WORK ITEM: Below are records; the lines starting at the one with "تصميم تقليدي خالد" and ending at the one with "Лакований чоловічий гаманець" must be reproduced exactly, both included. Pictures must not appear.

DATA FOR PROCESSING:
--- START ---

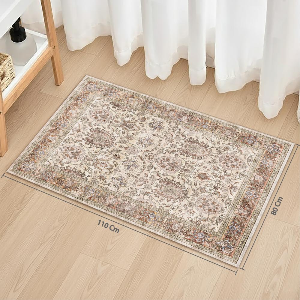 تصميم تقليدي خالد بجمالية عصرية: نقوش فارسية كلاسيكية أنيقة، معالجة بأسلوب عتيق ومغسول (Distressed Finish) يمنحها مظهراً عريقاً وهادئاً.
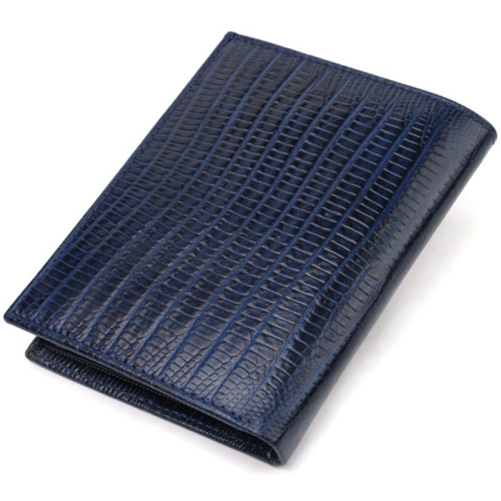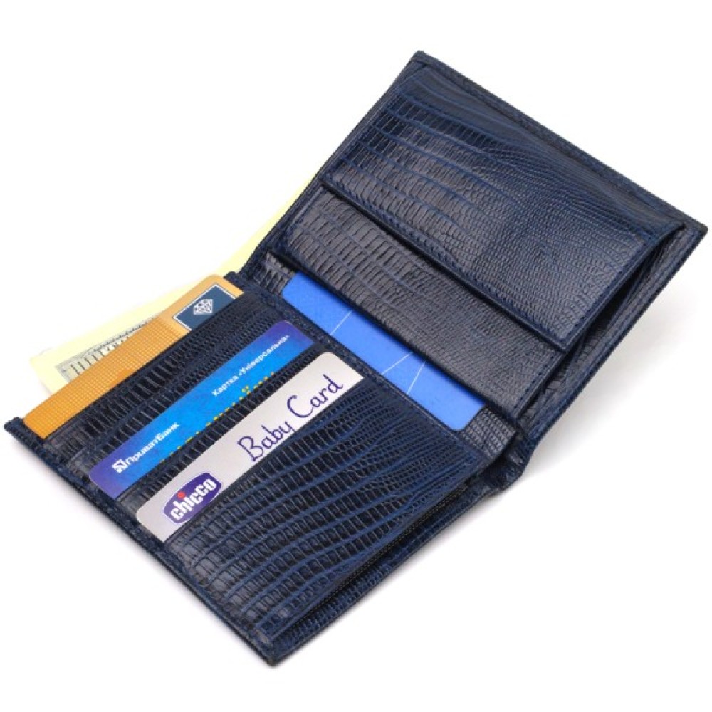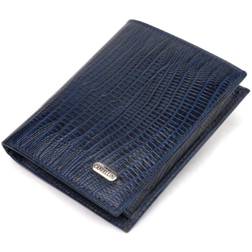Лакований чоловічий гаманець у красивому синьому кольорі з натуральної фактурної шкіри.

--- END ---
--- START ---

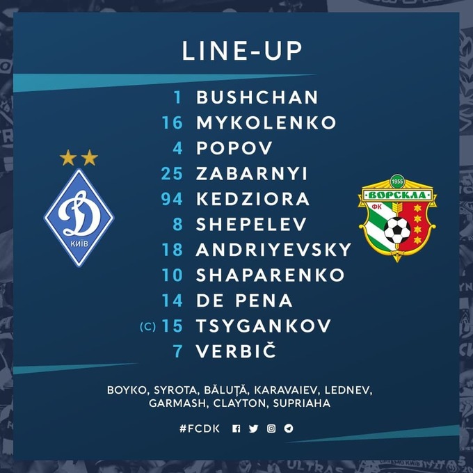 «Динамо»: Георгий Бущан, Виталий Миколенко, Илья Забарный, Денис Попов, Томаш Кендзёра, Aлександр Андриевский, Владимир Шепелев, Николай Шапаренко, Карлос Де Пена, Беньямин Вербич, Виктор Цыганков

--- END ---

SOLVED PROBLEM:
 تصميم تقليدي خالد بجمالية عصرية: نقوش فارسية كلاسيكية أنيقة، معالجة بأسلوب عتيق ومغسول (Distressed Finish) يمنحها مظهراً عريقاً وهادئاً.
Лакований чоловічий гаманець у красивому синьому кольорі з натуральної фактурної шкіри.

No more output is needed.